Since our arrival in
Turkey we’d had something of a purple patch in terms of our time in the
country; Ephesus, the Travertines and our cruise from Fethiye to Olympos, were
all memorable experiences. As Lance
Armstrong can attest however it’s naturally hard to keep a run like this going
and the week following our cruise was to demonstrate this.
On reflection I think
the downward slide can be attributed to a Mole in our ranks and its cunning
leverage of the Turkish four day Islamic, Kurban Bayrami (the merrily named
‘Festival of Sacrifice’) holiday period. This year it also coincided with
Turkish Republic Day and so represented a fair chunk of holiday time for the
Turks.
Worried of Turkey |
A key aspect of the Festival
is the slaughtering of a halal animal (cow, goat, sheep or even a camel) by
each family and the distribution of the body parts in equal portions to close
family, friends and those less fortunate. From our observations the goat seemed
to be the slaughteree of choice on the western Mediterranean and with
approximately 77 million Turks, over 96% of who are Muslim this equates to a
lot of worried goats.
Like any good shyster
the Mole gained our confidence over a long period and did so again through its
whisperings and pointed insights about not staying in Olympos, the default post
cruise location, but rather Cirali, a mere 3km further along the beach front.
Chimera |
Whereas Olympos is
effectively a series of backpacker hostels coming off a dirt track, Cirali is its
own town set in a forested coastal strip ringed with small rural holdings and
overlooked by the surrounding mountains.
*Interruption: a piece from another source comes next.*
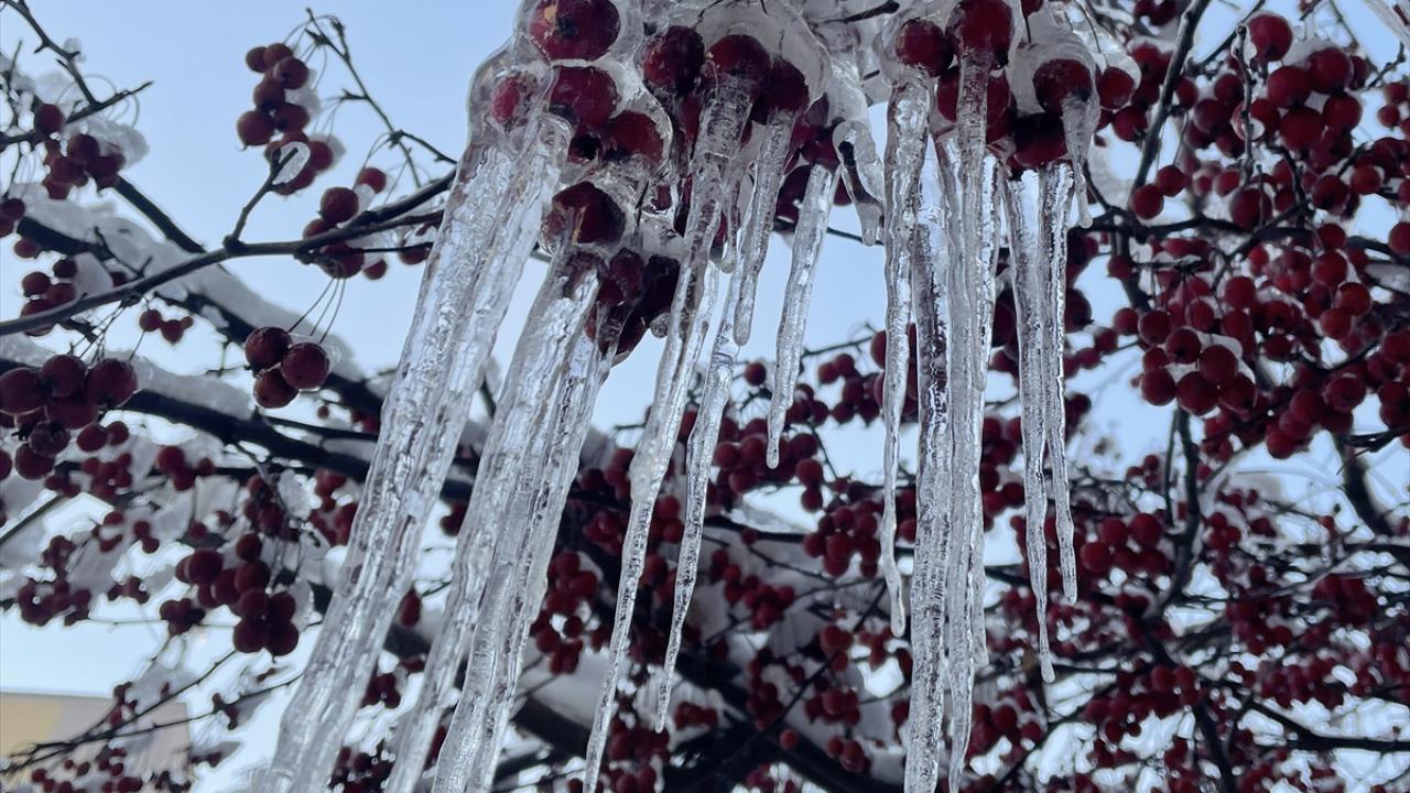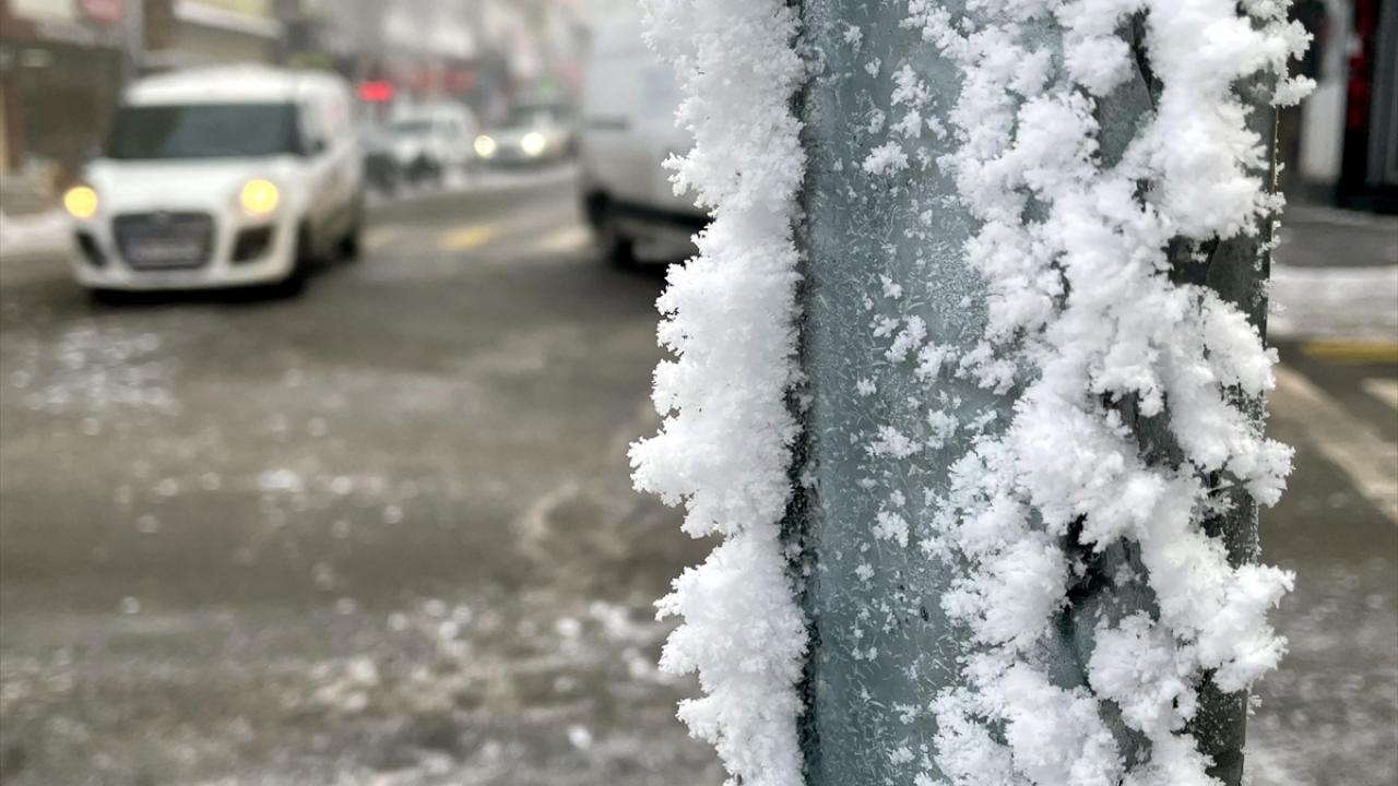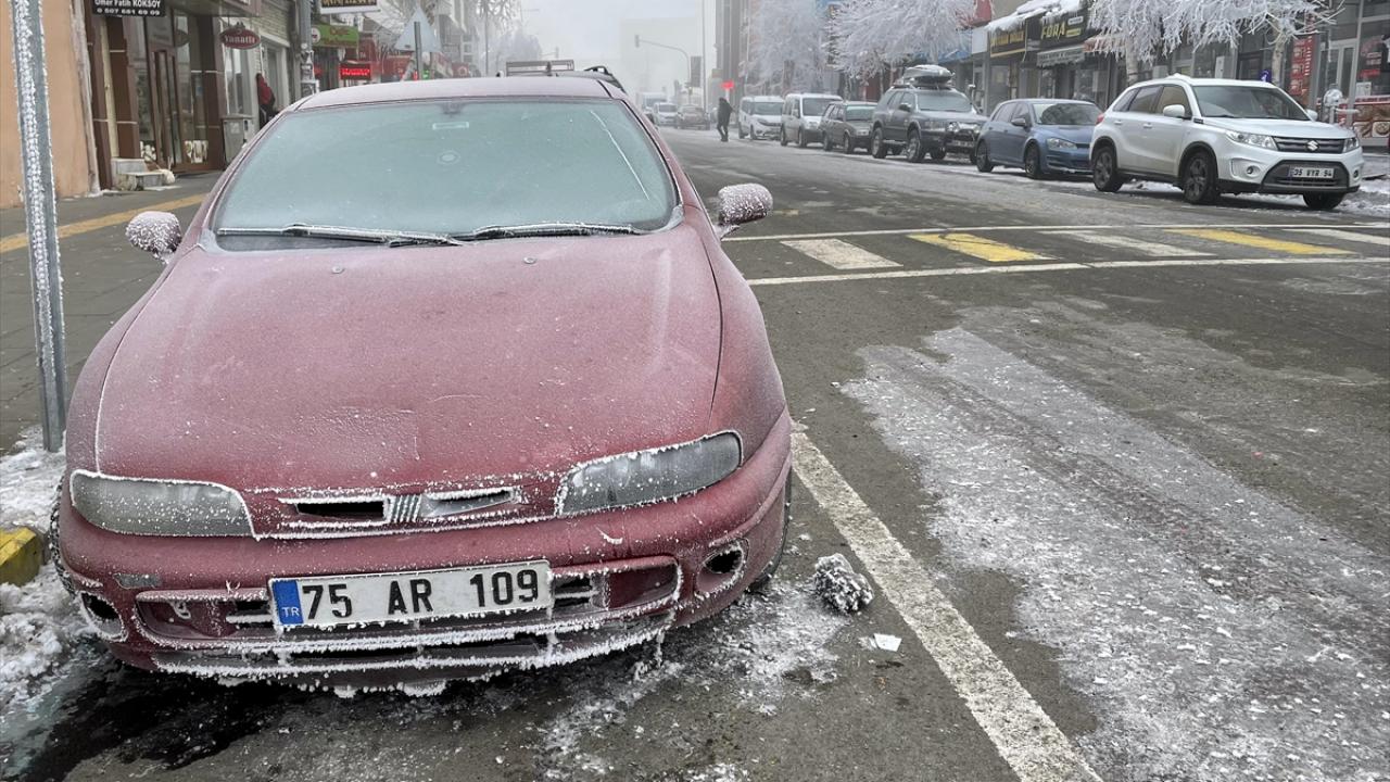 Doğu Anadolu Bölgesi'nde dondurucu soğuklar nedeniyle yol ve kaldırımlarda buzlanma oluşurken, ağaç ve yaprakları kırağı ile kaplandı.

With free bikes available from our
hotel we spent an enjoyable afternoon pedalling around before pulling over and
enjoying the local speciality of pomegranate and orange juice in one of the
many vegetated grotto like eateries.
Cirali is also closer
to the primary attraction in the region, the ‘chimera’, a naturally occurring phenomenon
whereby volcanic gases exude from the rocks on the side of a mountain and are
ignited through contact with the atmosphere. Setting off at dusk we hiked through the town and
surrounding countryside to watch the sunset as the flames flickered from the
rocks all around us.
Kaleici, Antalya |
Our plans from Cirali had
been informed by prior research that pointed to accommodation and spots on any
bus being hard to come by prior to, during and after the Bayram holiday
period. To manage this, and on
advice from the Mole, we’d chosen to spend four nights in Kizkalesi on the
eastern Mediterranean as we tried to wring the last vestiges of heat out of the
remnants of the Turkish summer.
Our journey to
Kizkalesi took us through the historic city of Antalya for an evening, which
should have provided us with our first warning signs about the Mole as the
directions provided were all over the place for moving in and out of the city
from the bus station. We had
however no reason to question its advice and once we’d made it to Kaleici, the
historic Roman centre of Antalya and despite the turning of the weather, could
have easily spent more than an evening, but the scarcity of buses meant we were
on the move again the next day.
It wasn’t until our
bus rolled into Kizkalesi that the extent of the betrayal the Mole had wrought upon
us was apparent. For the first day
or so neither of us could bring ourselves to openly discuss this betrayal as we
found it hard to believe that it’s vivid description and promotion of the town as
‘wonderful’ could be so far from the truth.
The Kizkalesi the Mole,
or as it is otherwise known, Lonely Planet, had described was a far cry from
the mosquito infested, litter strewn concrete jungle by the sea we
encountered. With its intermittent
electricity supply and roaming packs of wild dogs and mangy cats we would
normally have moved onto the next location, however with accommodation and bus
spots at a premium due to the Bayram holiday we were locked in for four nights.
During this time I
came across an earlier description of the town stating it was in danger of
losing it’s character due to the mushrooming of B and C grade concrete block
hotels. Well it has lost that battle and also the one to control its approach
to waste disposal.
More broadly this
appears to be a particular problem in Turkey and even on our cruise we’d be
fishing out large plastic water containers as we swam around. Within this context I couldn’t help but
think on hearing the news over the past few weeks that Afghanistan has declared its first national park, with a view to attracting tourism in the future, that
I hope they consider and provide the infrastructure to handle the unintended environmental
impacts that rapid tourist development can bring, lest such development destroy the values that attract tourists in the first place.